Mercati di tutto il mondo, unitevi! E si sono uniti

Giuliano Ferrara

Il messianesimo di Trump e J.D. è un’impostura e una stupidità. Il guaio è che lo scatenamento dei mercati finanziari contro le decisioni di stato è uno strano modo di procedere della democrazia nella difesa di sé stessa

Ho perso cento euro in una scommessa con Christian Rocca, un fior di conformista e un amico di talento, che ha avuto ragione. Lui: “Trump è un pirla, la pagherà cara”. Io: “Un pirla ma travestito da Messia, da capopopolo democratico in preda al decisionismo politico contro tutto e contro tutti”. Sì, l’uomo più goffo, grottesco, detestabile del mondo mi aveva per un momento affascinato. Il pirla sono io.
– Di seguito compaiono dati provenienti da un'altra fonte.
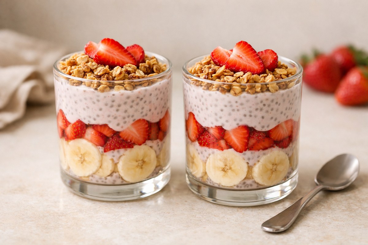 Creamy strawberry-banana chia pudding parfaits are a no-cook, make-ahead breakfast with bright fruit, protein, and the perfect crunchy topping.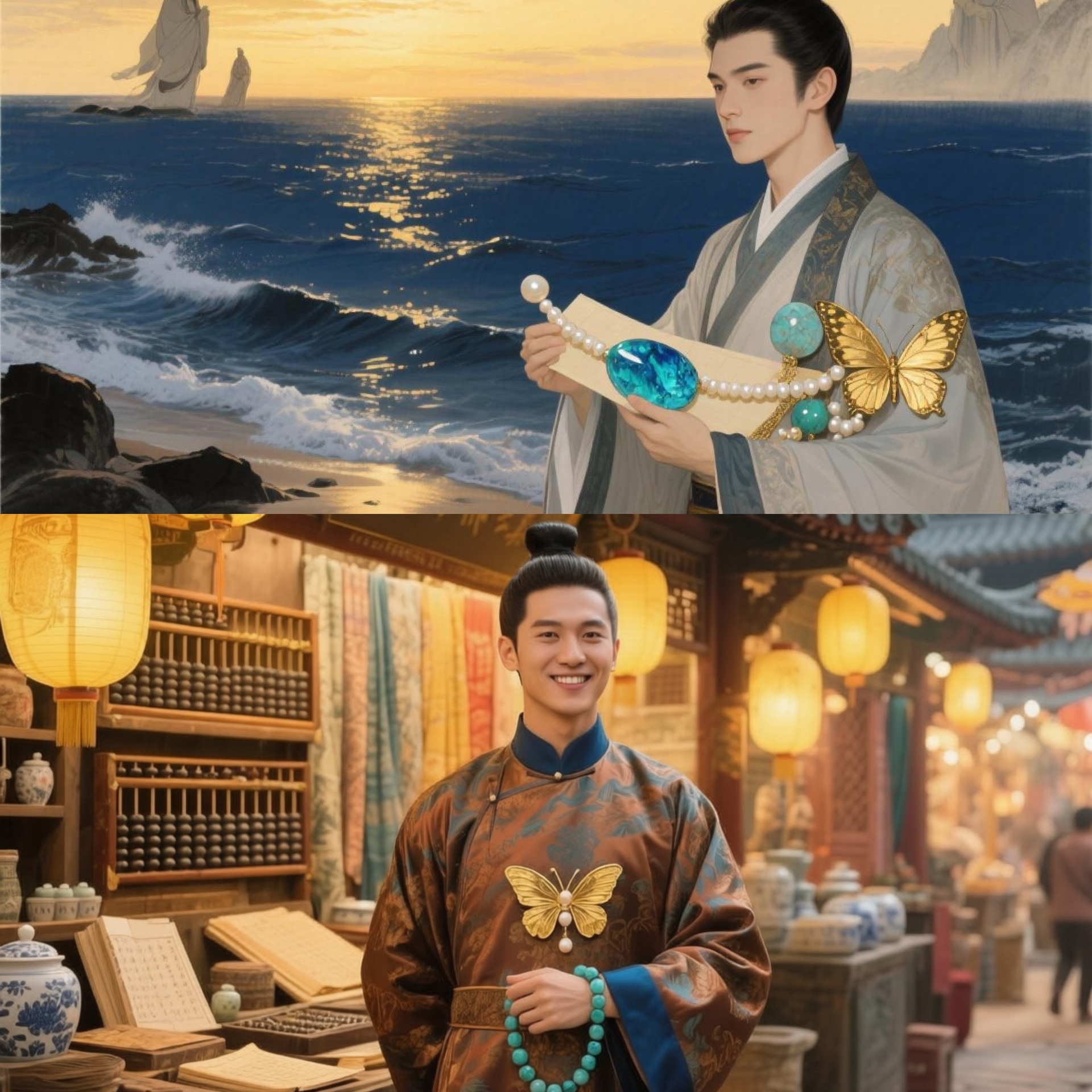 Legend tells of a "Heart Lake" with spiritual blue jadeite that mirrors true feelings, and a Caribbean shore where Larimar—a stone said to soothe the heart—washes ashore. A young traveler, yearning for love but guarded by past wounds, sought both. He received the jadeite and found inner peace, then obtained Larimar and felt his heart open.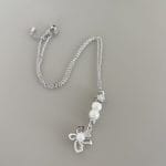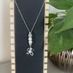 שרשרת לולאות אל חלד עם גדיל חרוזים כסופים ודמוי פנינים עם תליון פרח משובץ פנינה .

Io che tra i mercati e la decisione politica scelgo regolarmente la seconda, perché tutto sommato mi sembra più vicina o meno lontana dalla procedura democratica e liberale. Mi era successo anche con il momento Truss. Liz Truss, il più grande fallimento che si ricordi e il più rapido della storia britannica, si era messa a rovesciare come un guanto il bilancio del suo paese, d’intesa con un Cancelliere dello Scacchiere, l’accademico Kwasi Kwarteng, in nome di un programma esposto e approvato dalla sua constituency conservatrice. 

  

Detassare tutto, fare esplodere il debito buono, formula sensazionale e sottile, ambigua, del nostro Mario Draghi, e usare i soldi pubblici, per lo più mancanti ma stampabili, per incentivare la crescita privata. Risultato un crollo verticale della piazza finanziaria, a stento compensato dalla Bank of England, che ha portato al potere in un batter d’occhio, 45 giorni, il bravo Rishi Sunak, bocciato con il suo programma ragionevole dai conservatori ma ripescato nell’emergenza, che ha resistito un po’ di più con la sua moderazione mercatista e alla fine è dovuto fuggire da Downing Street n. 10 sotto la pioggia, con molta dignità ma fallendo anche lui, lasciando il posto al noioso ma fattivo Keir Starmer, laburista. Non solo Rocca, anche il Wall Street Journal e il Financial Times avevano avvisato: questo è il momento Truss di Trump. E così è stato. 

 

Il guaio, detto che sono pentito e pago la scommessa volentieri, è che lo scatenamento dei mercati finanziari contro le decisioni di stato, transazionali o trasformative che siano, è uno strano modo di procedere della democrazia nella difesa di sé stessa. Forse globalizzazione e fine della storia sono poi questo, che ai quattrini non si comanda, e mi piacerebbe che Putin facesse esperienza del dato esponendo finalmente il suo potere autocratico al calo del prezzo del petrolio, non una buona notizia per lui e per gli oligarchi a lui fedeli. In effetti al quattrino non piace essere messo in riga, rilutta, strepita, mette spavento, induce a miti consigli anche il Salvator Mundi autoproclamato e la sua età dell’oro, con la sovrana eccezione del modello cinese, di cui tutti abbiamo aspettato l’implosione democratica e liberale, che stenta a farsi viva dopo decenni di crescita economica e di mercato sotto la dittatura del partito unico, e ora siamo tornati all’idea maoista che l’America è una tigre di carta, stavolta coltivata con l’assenso di mercato e partito.

 

Dunque non era la sinistra clintoniana che era diventata mercatista, era il mercato che era diventato un presidio di sinistra. Un muro daziario era una follia, e non si poteva non essere contro in nome di tante cose, compresi il prosecco e l’esportazione come droga per imprese e nazioni europee. Il messianesimo di Trump e J.D. è un’impostura e una stupidità, come non ci stanchiamo di scrivere e dire da anni, da molto prima che si scatenassero Jamie Dimon e soci della JPMorgan Chase. Ma è comunque una bella seccatura che banche e fondi abbiano preso il posto dei popoli nell’era populista famosa in cui i mercati sono capaci, se Dio vuole, di sostituire ogni possibile opposizione democratica con gli indici indiscutibili del Dow Jones. Mercatisti e antiproibizionisti di tutto il mondo, unitevi! E si sono uniti. Speriamo che non boccino i piani europei di riarmo e difesa di fronte all’espansionismo di Putin, sarebbe un guaio serio.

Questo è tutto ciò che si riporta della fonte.